> _WHAT THIS TASK INVOLVES_
Take the entries that follow and return exactly the lines from the one holding "The villa for" through the one holding "5月18日,永兴坊总经理,文", both included. Nothing else is needed.

> _INPUT FOR THIS TASK_
*** Begin section ***

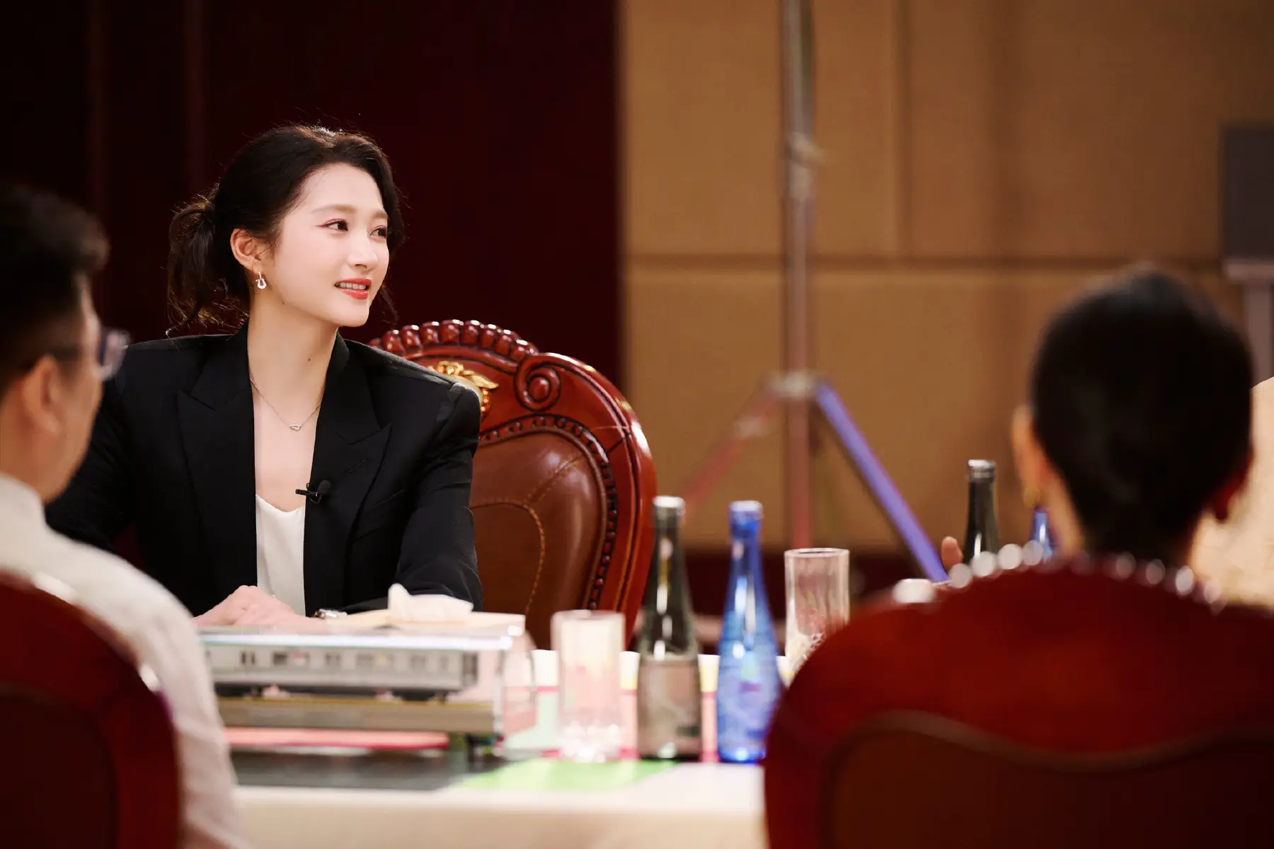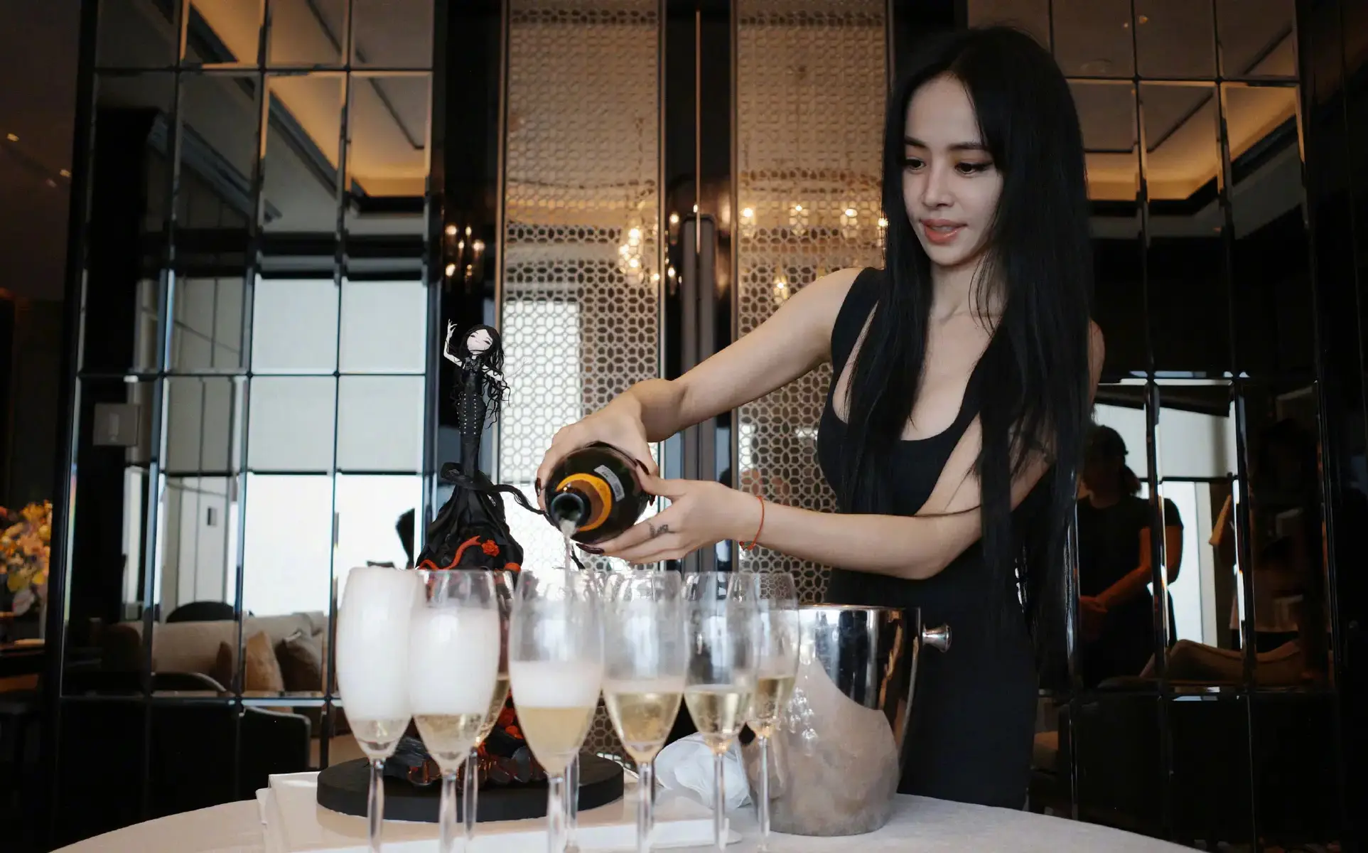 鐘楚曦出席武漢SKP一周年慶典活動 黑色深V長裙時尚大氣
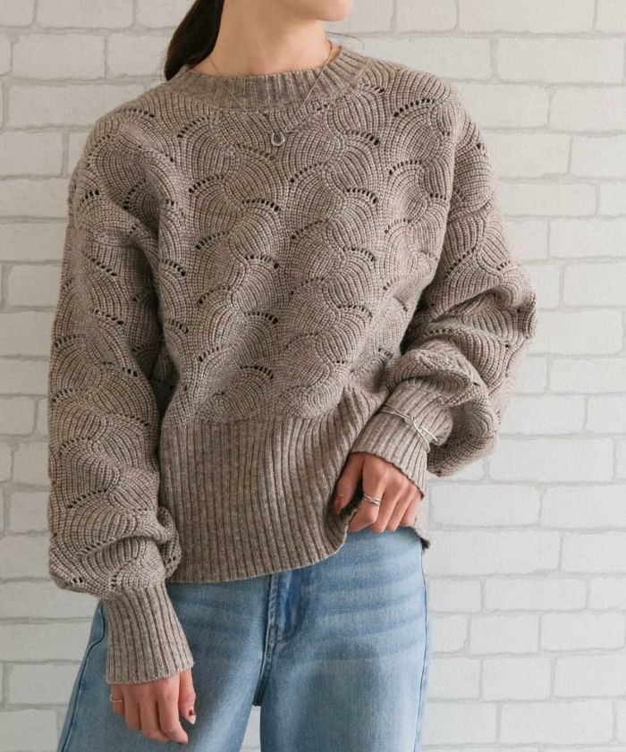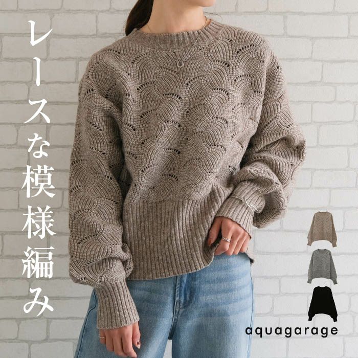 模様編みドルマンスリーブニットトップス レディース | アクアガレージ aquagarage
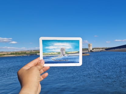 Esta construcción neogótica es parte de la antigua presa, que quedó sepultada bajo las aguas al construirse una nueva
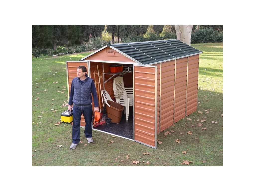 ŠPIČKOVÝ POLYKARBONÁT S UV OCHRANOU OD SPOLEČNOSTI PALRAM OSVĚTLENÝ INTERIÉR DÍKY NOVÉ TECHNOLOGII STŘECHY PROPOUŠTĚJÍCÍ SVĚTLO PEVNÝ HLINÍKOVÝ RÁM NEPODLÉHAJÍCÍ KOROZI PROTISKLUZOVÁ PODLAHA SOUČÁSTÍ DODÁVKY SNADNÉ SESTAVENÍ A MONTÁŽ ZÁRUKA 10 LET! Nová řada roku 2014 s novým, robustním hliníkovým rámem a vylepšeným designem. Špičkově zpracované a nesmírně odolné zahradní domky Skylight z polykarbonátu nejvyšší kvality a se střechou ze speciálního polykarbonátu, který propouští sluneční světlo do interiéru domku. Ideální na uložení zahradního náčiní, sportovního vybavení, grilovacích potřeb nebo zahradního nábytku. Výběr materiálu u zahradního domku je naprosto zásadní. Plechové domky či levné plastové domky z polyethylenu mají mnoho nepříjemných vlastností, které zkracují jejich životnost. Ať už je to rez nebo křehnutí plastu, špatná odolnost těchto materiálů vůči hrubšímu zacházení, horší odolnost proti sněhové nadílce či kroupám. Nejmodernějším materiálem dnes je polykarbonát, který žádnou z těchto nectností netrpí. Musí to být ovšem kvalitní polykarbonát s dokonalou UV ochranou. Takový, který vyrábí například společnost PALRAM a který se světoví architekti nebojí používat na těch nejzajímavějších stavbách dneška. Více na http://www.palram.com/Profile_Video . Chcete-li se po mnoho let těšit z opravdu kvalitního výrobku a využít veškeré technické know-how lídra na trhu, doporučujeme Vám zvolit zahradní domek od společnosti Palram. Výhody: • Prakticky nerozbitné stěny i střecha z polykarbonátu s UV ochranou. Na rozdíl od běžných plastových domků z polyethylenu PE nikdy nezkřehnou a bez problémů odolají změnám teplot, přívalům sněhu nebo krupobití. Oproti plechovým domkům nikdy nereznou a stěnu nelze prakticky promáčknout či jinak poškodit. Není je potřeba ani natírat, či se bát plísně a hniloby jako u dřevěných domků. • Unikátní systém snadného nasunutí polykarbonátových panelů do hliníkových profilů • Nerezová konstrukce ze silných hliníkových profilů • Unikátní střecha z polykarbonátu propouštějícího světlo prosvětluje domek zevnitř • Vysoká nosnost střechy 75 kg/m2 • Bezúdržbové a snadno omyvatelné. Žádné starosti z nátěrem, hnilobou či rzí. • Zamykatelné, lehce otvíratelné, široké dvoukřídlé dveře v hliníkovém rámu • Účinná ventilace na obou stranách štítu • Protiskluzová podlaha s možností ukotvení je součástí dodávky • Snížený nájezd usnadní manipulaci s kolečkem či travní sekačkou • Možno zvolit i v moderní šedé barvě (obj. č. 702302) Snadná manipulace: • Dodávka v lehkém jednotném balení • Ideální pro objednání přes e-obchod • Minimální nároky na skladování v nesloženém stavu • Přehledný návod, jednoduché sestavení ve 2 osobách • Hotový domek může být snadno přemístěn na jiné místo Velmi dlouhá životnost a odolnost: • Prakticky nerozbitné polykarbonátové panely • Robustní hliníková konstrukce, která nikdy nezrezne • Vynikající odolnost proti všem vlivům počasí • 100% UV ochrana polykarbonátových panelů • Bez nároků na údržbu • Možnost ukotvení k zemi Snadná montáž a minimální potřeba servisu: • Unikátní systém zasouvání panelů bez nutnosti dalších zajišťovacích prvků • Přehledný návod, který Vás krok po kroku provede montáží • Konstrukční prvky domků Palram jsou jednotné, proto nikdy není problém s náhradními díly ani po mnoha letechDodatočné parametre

*** End section ***
*** Begin section ***

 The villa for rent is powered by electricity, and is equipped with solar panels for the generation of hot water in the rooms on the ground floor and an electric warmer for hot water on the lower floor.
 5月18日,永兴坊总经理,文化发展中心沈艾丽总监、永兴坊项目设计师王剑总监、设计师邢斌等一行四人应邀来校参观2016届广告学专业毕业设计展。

*** End section ***

> _ANSWER BOX_
 The villa for rent is powered by electricity, and is equipped with solar panels for the generation of hot water in the rooms on the ground floor and an electric warmer for hot water on the lower floor.
 5月18日,永兴坊总经理,文化发展中心沈艾丽总监、永兴坊项目设计师王剑总监、设计师邢斌等一行四人应邀来校参观2016届广告学专业毕业设计展。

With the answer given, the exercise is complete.